Her insan eşsiz ve tekdir. Bunun anlamı her insan duygu ve düşünceleri açısından özgürdür. Konuya bu açıdan baktığımızda her insan özgünlüğünü korumak zorundadır. Bunun diğer anlamı kişinin duygu ve düşüncelerini yaşamak zorundadır. Bunlardan özellikle sevgi boyutu ele alındığında daha da önem kazanmaktadır. Sevgi boyutu ele alındığında daha da önem kazanmaktadır. Sevgi arkadaş, kardeş, anne ve baba Tanrı vb .sevgisi olabilir. Bu duygunun içeriği ve biçimi kişiden kişiye değişebilir; veya her kişi farklı alanlara ilgi gösterip sevgi bağı ile bağlanabilir. Örneğin, bir ideoloji, dava vb. olabilir. Aslında bunlar insanı dinamik tutan etkenlerden biridir. Çünkü bunlar insan yaşam sevinci katıyor.
Diğer tarafta, her insanın düşüncesi kendine özgüdür Bu nedenle, her birey düşüncesini yaşamak zorundadır. Çünkü, böylece var olabilir. Şimdi kendi düşüncesini yaşamayan bir bireyi düşünün. Bu kişinin bağımlı kişilik geliştirmeceği muhtemeldir. Oysa, ideal olan kişinin düşüncesiyle var olmasıdır. Çünkü, düşünce kişiye bir paradigma sağlamaktadır. Başka bir ifadeyle, insanlar dünyayı anlamak ve anlam verebilmek için düşüncelere, fikirlere gereksinmeleri vardır. Bu nedenle, her birey diğerinin paradigmasını oluşturan fikirlere saygı duymak zorundadır. Çünkü her düşüncenin oluşumunda ortak sosyalleşme ortamları olabilir. Olası çatışmalar baş gösterdiğinde demokratik yollardan uzlaşma yolları aranmalıdır.

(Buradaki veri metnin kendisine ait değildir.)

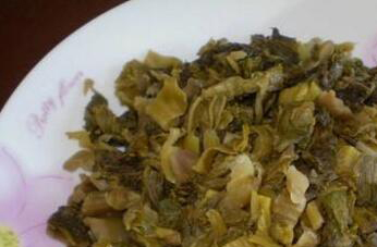 3、泡制三到五天以后,里面的菜苔就会变成暗黄色,而且它的味道也已经微微发酸,这时可以把它取出用清水反复的清洗,如果吃不完则可以把它继续浸泡在水中。但每天要换水二到三次。

Konu kişinin tekliğinden açılmışken her bireyi güdüleyen etkenlerin farklı olduğunu söyleyebiliriz.Bir kişinin gereksinmesi farklıyken diğerinin daha farklı olabilir. Çünkü, insan doğası kişiden kişiye farklılık gösterebilmektedir. İnsan doğasının farklılığı demek aynı zamanda farklı şekillerde güdülenmeleri demektir.
Sonuç olarak her insan kendine özgüdür. Her insanın temel gereksinmeleri farklı olacağından yaşamla uyum sağlamak için özgürleşme çabaları da bu açıdan bakmak gerekmektedir.